Question

Consider a rectangular ice floe 5.00 m high, 4.00 m long, and 3.00 m wide. a) What percentage of the ice floe is below the water line if it floats in sea water? b) What percentage of the ice floe is below the level of the liquid if it floats in mercury?

Answer 1

Answer:

(a) 92 %

(b) 6.76 %

Explanation:

length, l = 4 m, height, h = 5 m, width, w = 3 m, density of water = 1000 kg/m^3

density of ice = 920 kg/m^3, density of mercury = 13600 kg/m^3

(a) Let v be the volume of ice below water surface.

By the principle of flotation

Buoyant force = weight of ice block

Volume immersed x density of water x g = Total volume of ice block x density

                                                                      of ice x g

v x 1000 x g = V x 920 x g

v / V = 0.92

% of volume immersed in water = v/V x 100 = 0.92 x 100 = 92 %

(b) Let v be the volume of ice below the mercury.

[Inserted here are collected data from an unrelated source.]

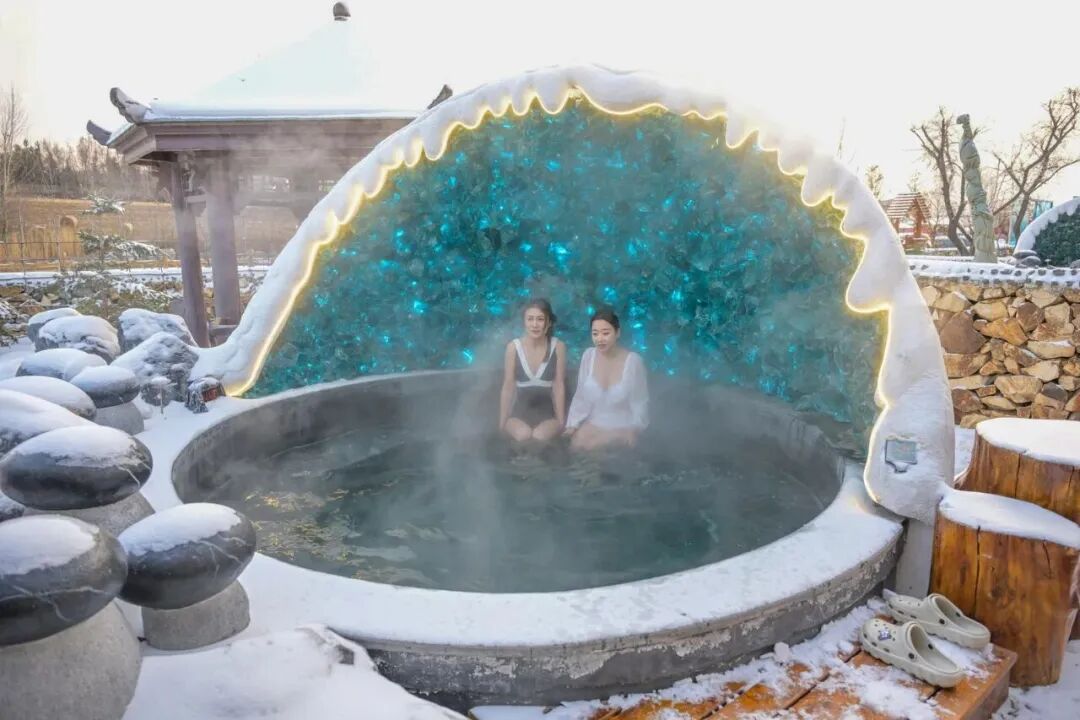 游客入住天定山民宿主题院落,可以在户外泡着40℃恒温温泉,“冰火两重天”的体验直接封神~
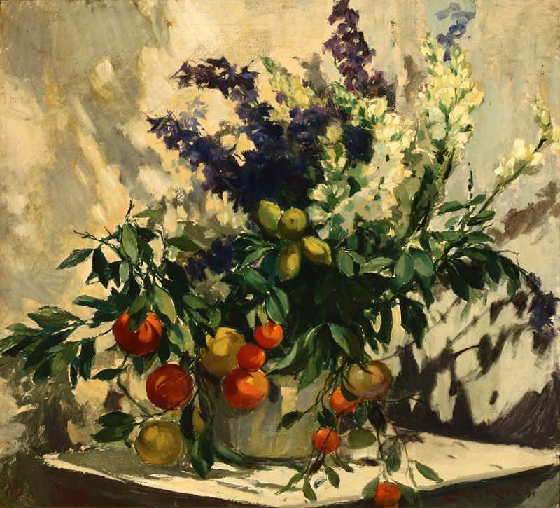 Floral and fruit still life arrangement,
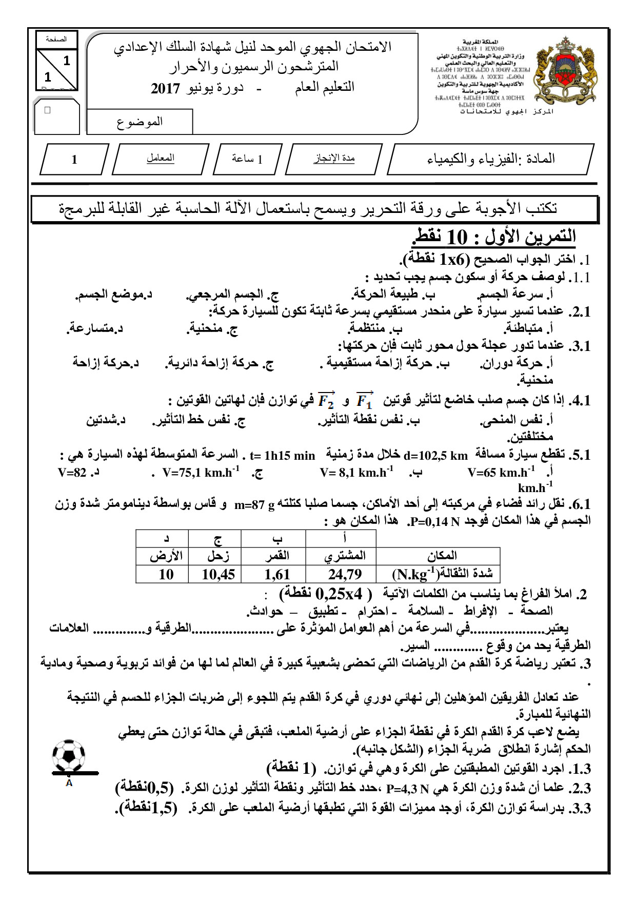 الامتحان الجهوي للثالثة إعدادي (الفيزياء والكيمياء) - سوس ماسة 2017 - الموضوع

By the principle of flotation

Buoyant force = weight of ice block

Volume immersed x density of mercury x g = Total volume of ice block x  

                                                                      density of ice x g

v x 13600 x g = V x 920 x g

v / V = 0.0676

% of volume immersed in water = v/V x 100 = 0.0676 x 100 = 6.76 %